Sheikhi et al.  observed a lesion in a 37-year-old patient’s maxilla, and a range of clinical and radiographic (intraoral, panoramic, cone beam computed tomography) did not provide a diagnosis. The differential diagnosis included chondrosarcoma or osteosarcoma, fibrous dysplasia, odontogenic cyst, squamous cell carcinoma, calcifying odontogenic cyst (Gorlin cyst), and calcifying epithelial odontogenic tumor (Pindborg tumor). The well-defined border of what they termed a “central cementifying fibroma” helped differentiate it from the aggressive sarcomas and carcinomas.
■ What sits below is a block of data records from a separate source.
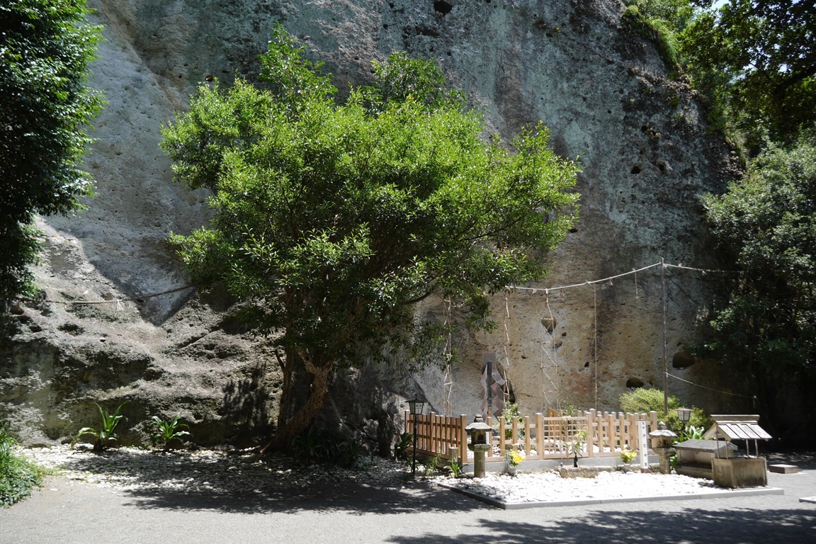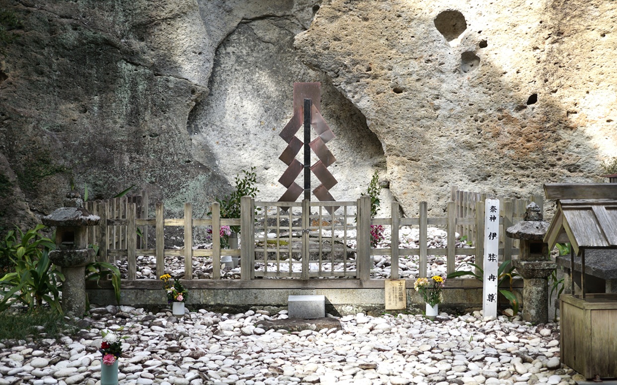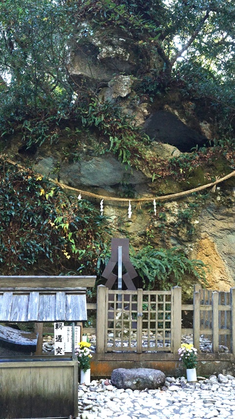 御神体の磐座(いわくら)を斜めから。ここに伊弉冊尊(いざなみ の みこと)が葬られたと言い伝えられています。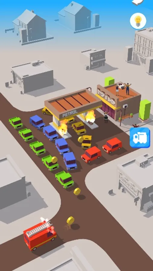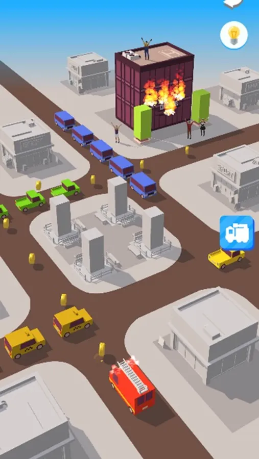 The supermarket is on fire! You need to get the fire engine to the fire site as soon as possible, but the road is very congested. Use your wisdom to guide the vehicle out of the road.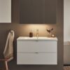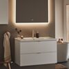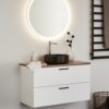 Pehmeästi sulkeutuviin laatikoihin on helppo pääsy kokonaan aukeavuuden vuoksi. Laatikkomatot ja bambu sisustus pitää pikkutavarat järjestyksessä. Kaluste toimitetaan koottuna ja asentaminen on helppoa säädettävän ripustinhelan avulla. Kaluste on mukautettu joko seinä- tai lattiaviemäröintiin. Yhdistämällä sivumoduulin kanssa tarjoutuu lisämahdollisuuksia joista löytyy sopiva kokonaisuus ihan jokaiseen kylpyhuoneeseen. Valitse joko upotettava posliini allas tai pöytälevylle asennettava malja-allas. Täydennä tyyliisi sopivalla vetimellä tai nupilla. Osta lisäksi allashana, pohjaventtiili, vesilukko, laatikonvalaistus ja pistorasia.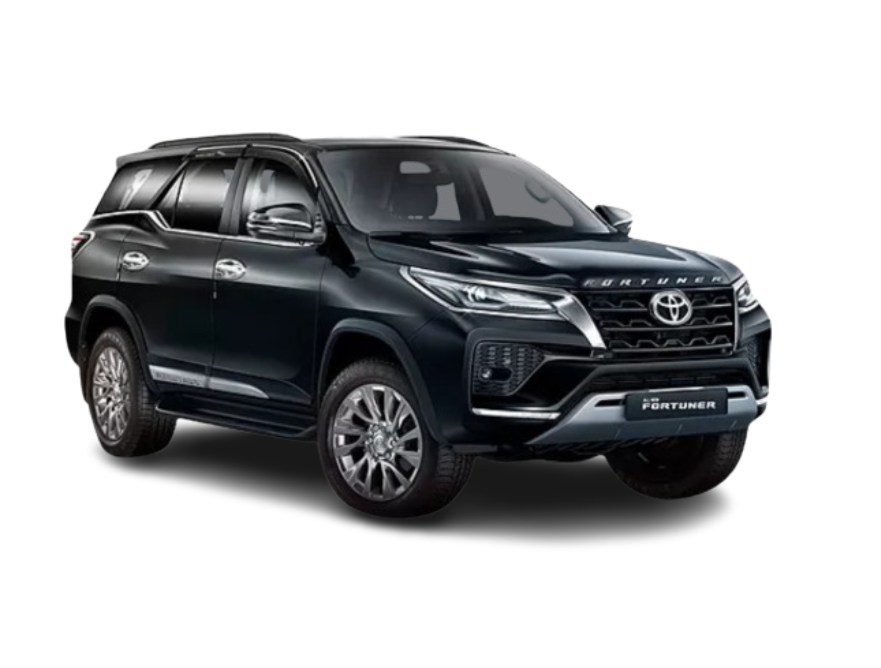 The exterior design of the Fortuner is bold and commanding, featuring a striking front grille, sleek headlights, and a muscular body that exudes confidence. Its elevated stance and substantial ground clearance make it a true off-roading contender, while the stylish alloy wheels and chrome accents add a touch of sophistication.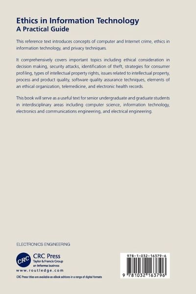 This reference text covers ethics in information technology, intellectual property, and privacy techniques. It will serve as a useful text for senior undergraduate and graduate students in interdisciplinary areas including computer science, information technology, electronics and communication engineering, and electrical engineering.
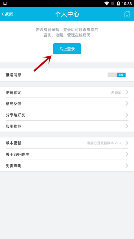 2.个人中心:记录个人信息档案,及39问医生平台发布的各类消息、推送、及管理规定。

Scholl et al.  reviewed cysts and cystic lesions of the mandible. They noted that many nonodontogenic lesions can mimic odontogenic lesions, including benign fibro-osseous lesions (conventional or juvenile ossifying fibroma, focal or periapical cemento-osseous dysplasia, florid osseous dysplasia), traumatic bone cyst, lingual salivary gland inclusion defect, central giant cell granuloma, brown tumor of hyperparathyroidism, arteriovenous malformation, and mucoepidermoid carcinoma. Like Mohanty et al. , Scholl et al. concluded that “microscopic tissue evaluation is generally necessary to accurately identify the lesion”.
TREATMENT AND RECURRENCE
The treatment of COF involves conservative surgery through enucleation of the lesion and the use of a curette to heal the remaining cavity. These lesions readily separate from their bony crypt and show no evidence of bony infiltration. The resultant bony cavity is closed at the mucosal level without the need for drains or packing .
In spite of the frequent ease of removal of COF, because it does not adhere to bone or tooth structures, uncommon recurrences have been attributed to insufficient curettage. Due to its benign, slow growth, a clinical identification of recurrent or residual disease might not be identified until several years later. Dunlap and Barker  presented two cases of maxillary COF treated by curettage with follow-up of 9 years and 10 years, respectively, with no evidence of recurrence. However, some recurrent cases have been reported. Heimdal et al.  in 1980 reported a recurrence 9 years after surgical removal. In 1986 Svirsky et al.  reported a 13% (2 out of 15 cases) rate of recurrence. Jones et al.  reported a case that recurred 16 months after surgery. According to Marx and Stern , if a recurrence is observed, the original pathological specimen, as well as a biopsy specimen, should be reviewed. Despite the low recurrence rate, postoperative monitoring should be carried out for at least 5 years after surgical removal.